The 250 different networks are grouped into 6 domains (arranged vertically). Symbols indicate mean AUCs, with standard deviations shown by vertical bars. The sampling methods are listed along the bottom of the figure. The prediction methods are marked with different colors, as indicated in the legend at the top.

https://doi.org/10.1371/journal.pone.0306883.g001

The results visually depicted in Fig 1 demonstrate that, within a specific dataset domain, a particular or a group of link prediction method tends to outperform others (see also S1-S6 Tables in S1 File). For example, MDL-DCSBM and Top-Stacking tend to have consistently higher AUC scores than the other prediction algorithms for informational networks.

For social networks, importantly, the AUC scores across missing-edge patterns exhibit a clear and distinct pattern for different missing-edge patterns (see next section for detailed discussion). Nevertheless, almost all considered link prediction algorithms yield good prediction results for a majority of missing-edge patterns, while Preferential Attachment has the smallest predictive power among the considered methods. This observation is consistent with the findings of other researchers who suggested that structural properties that are commonly associated with social networks, such as high clustering coefficients and heavy-tailed degree distributions, positively affect the accuracy of link prediction [5254]. These results provide supporting evidence for a previous observation made by several papers, including Ghasemian et al. [25] and Menand et al. [54], that most link prediction methods can achieve high AUC scores on social networks, and suggest that this claim is also true for various missing-edge patterns (excluding some). We thus stress that further comparisons of different link prediction algorithms should continue to include many types of real-world networks, rather than social networks only.
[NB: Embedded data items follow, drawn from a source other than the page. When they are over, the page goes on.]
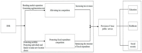 HSR compresses the spatial and temporal distance between cities. On the one hand, HSR promotes the flow and agglomeration of labor and other factors of production between cities, prompting individuals and families to make new location choices [26,52]. Individuals and families make new location choices not only to increase their income but also to enjoy better BPS in cities. The level of public service is an important factor influencing labor inflow [50]. Ji et al. [53] integrates physical constraints and deep learning for trajectory tracking, offering useful insights for understanding how HSR systems may in turn influence urban policy behavior. Talent resources have become a significant embodiment of city competitiveness. HSR reduces the time and space costs of labor mobility and improves its efficiency. In addition, HSR provides more possibilities for residents to access high-quality BPS, and the opening of HSR enhances the bias of the local government’s livelihood expenditures [21]. On the other hand, the construction of transportation infrastructures, such as HSR, contributes to market integration, reduces the degree of market segmentation [23], and effectively reduces the cost of the flow of production factors and the degree of information asymmetry [31]. Within the analytical framework of new economic geography, market integration promotes economic agglomeration and gives rise to the phenomenon of “agglomeration rent”: enterprises have a higher rate of return on capital due to a decline in trade costs and the spillover of knowledge and technology, resulting in an agglomeration effect that entices enterprises to relocate. Local governments levy taxes on agglomeration rent to increase tax revenues, and enterprises’ returns via agglomeration rent reduce their sensitivity to the tax rate [54]. Enterprises would not relocate to new regions due to local government tax rate adjustments. “Agglomeration rent” weakens the incentives for local governments to engage in TC, which leads to the race to the bottom [55,56]; increases government tax revenue; optimizes the structure of fiscal expenditure; and increases the provision of BPS. Based on this, this paper proposes the following hypothesis:
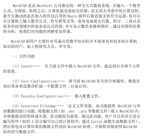 (4)Associate Filename…… 定义文件变量。此功能提供 MathCAD 与外部数据的接口功能。 将数据文档 (如 .dat .prn 等数据文件) 载入 MathCAD 内,并将数据送给矩阵或矢量。此功能较为重要,通过此功能,用户可以用其它语言编写程序 (如用 C 语言编写自己的计算程序, 通过 fprint 函数生成数据文件) ,然后将包含计算结果的数据文件送给 MathCAD 处理。下面将详细说明 MathCAD如何读写数据文件。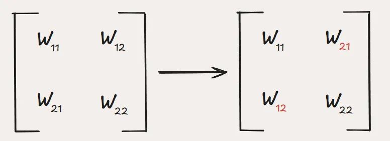 请注意,旋转和交错没有任何数学意义 —— 它们只是为了使脉动阵列正常工作。转置也只是为了进行数学记账 —— 它是使矩阵数学运算正常工作所必需的,因为我们在神经网络图中设置权重指针的方式。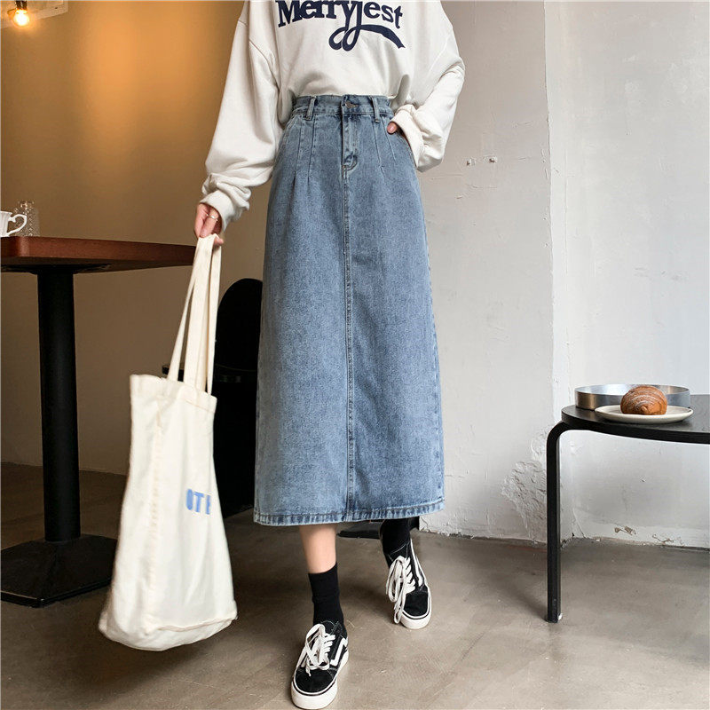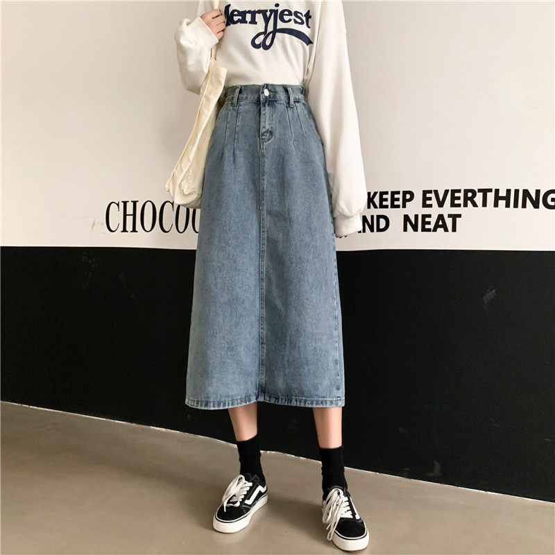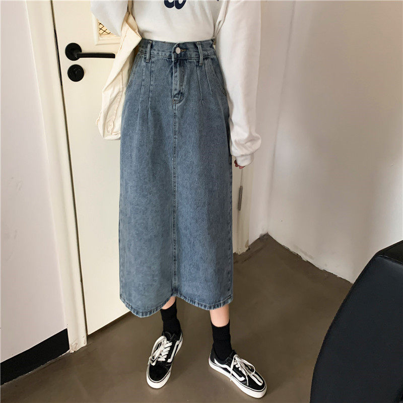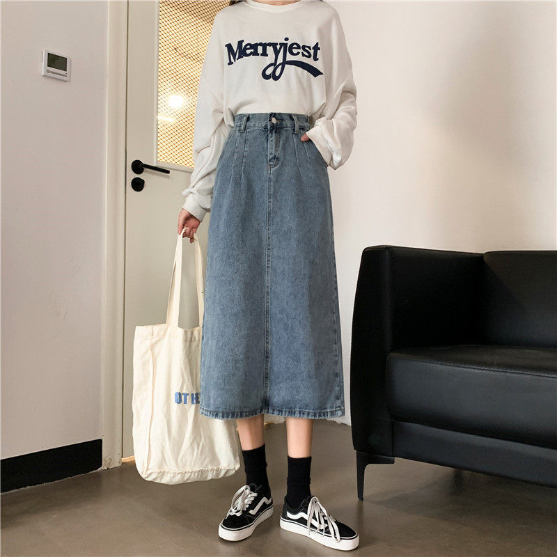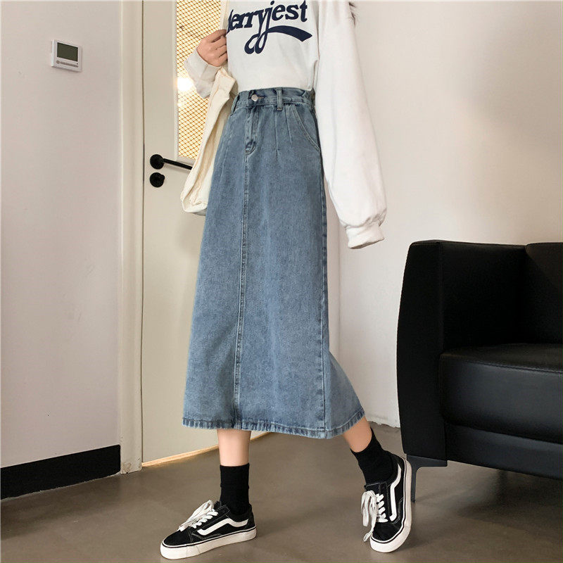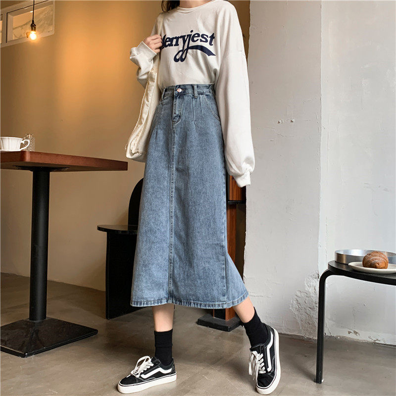 Осенняя джинсовая длинная джинсовая юбка, коллекция 2023, средней длины, высокая талия, большой размер, А-силуэт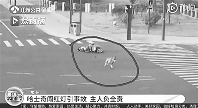 遛狗不拴绳哈士奇闯红灯撞翻电动车主人全责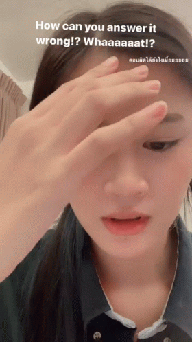 Faii Bnk48 reacting with a hand on her forehead, questioning "How can you answer it wrong!?"

In economic networks, Top-Stacking stands out as the best-performing method overall, while Preferential Attachment consistently secures the second place, demonstrating AUC scores close to and sometimes better than Top-Stacking. It is noteworthy that Preferential Attachment has a specific efficacy in economic networks, demonstrating good predictive power despite being a simple topological predictor and a relatively weak predictor in other domains (even social networks).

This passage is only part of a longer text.